I have a 4.5 hp engine with a non-adjustable carburetor ( Series 9 I believe). 
The carb has been disassembled and cleaned, fuel is in the float chamber but doesn't get to the venturi. If I put a little fuel in the carb throat it will run for a few seconds. I read on Jack's Engine Repair site that the "emulsion tube" may be stuck in this type of carburetor and that the only solution is to replace the carb. Is this true? Has anyone had the same problem with this type of carburetor? Thanks.


----------



## geogrubb (Jul 28, 2006)

Make sure the bowl nut is clean some have 2 holes, some have 3, also it seems thers carbs are very finiky if the bowl gasket is not sealing properly. Have a good one. Geo


----------



## pyro_maniac69 (Aug 12, 2007)

does it have a carb with a plastic pick-up tube? if so, the o-rings might be bad and need to be replaced


----------



## ajmartin (Oct 18, 2004)

*Tecumseh carb.*

Yes it does have a plastic pick up tube. I did notice yesterday that I could move the pick up tube up and down in it's shaft and also noticed that the o-ring was not in the best of shape. I was at least able to get the engine running after I put it back together but it doesn't run at a steady speed. I guess I should try installing a new carb kit. 

Thanks for your help Pyro.


----------



## ajmartin (Oct 18, 2004)

Good day Pyro.. Would you know if there are supposed to be small o-rings at BOTH ends of that plastic pick-up tube?

I have the carburetor completely disassembled and have a new carb kit, but when I removed the plastic pick-up tube I could not see/find an o-ring on the venturi end of the tube... though it looks like it should have one.

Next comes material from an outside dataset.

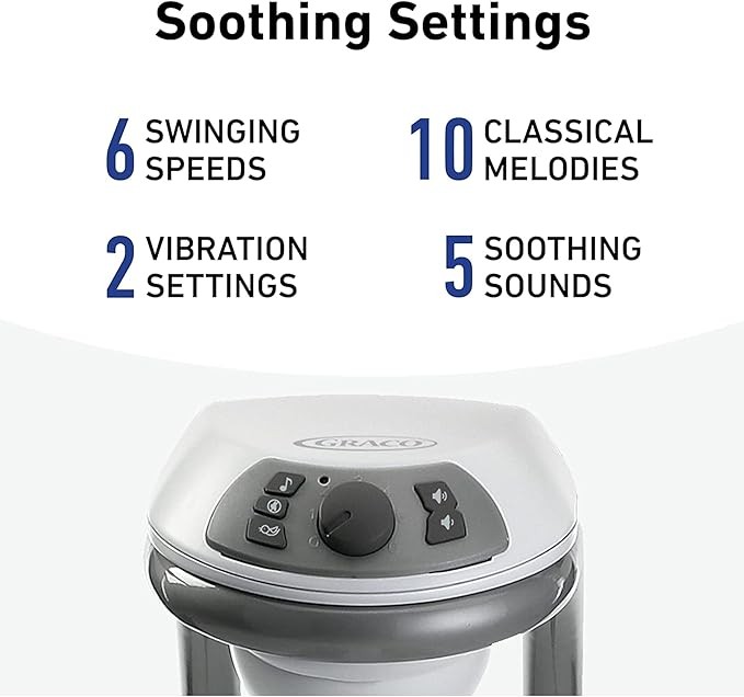 • 6 swing speeds let you find the right rhythm; 2-speed vibration helps soothe baby; 10 classic melodies and 5 nature sounds keep you happy and entertained; and the phone comes with 3 soft toys to keep baby entertained.

Thanks again for your help.


----------



## 30yearTech (Sep 14, 2006)

ajmartin said:


> Good day Pyro.. Would you know if there are supposed to be small o-rings at BOTH ends of that plastic pick-up tube?
> 
> I have the carburetor completely disassembled and have a new carb kit, but when I removed the plastic pick-up tube I could not see/find an o-ring on the venturi end of the tube... though it looks like it should have one.
> 
> Thanks again for your help.


Yes, there is one at the top of the nozzle and one at the bottom. Many times when the nozzle is removed from the carburetor body the top O-Ring will remain up in the body of the carburetor, you will have to use a small pick or other item to remove the old O-Ring.

Best of Luck...


----------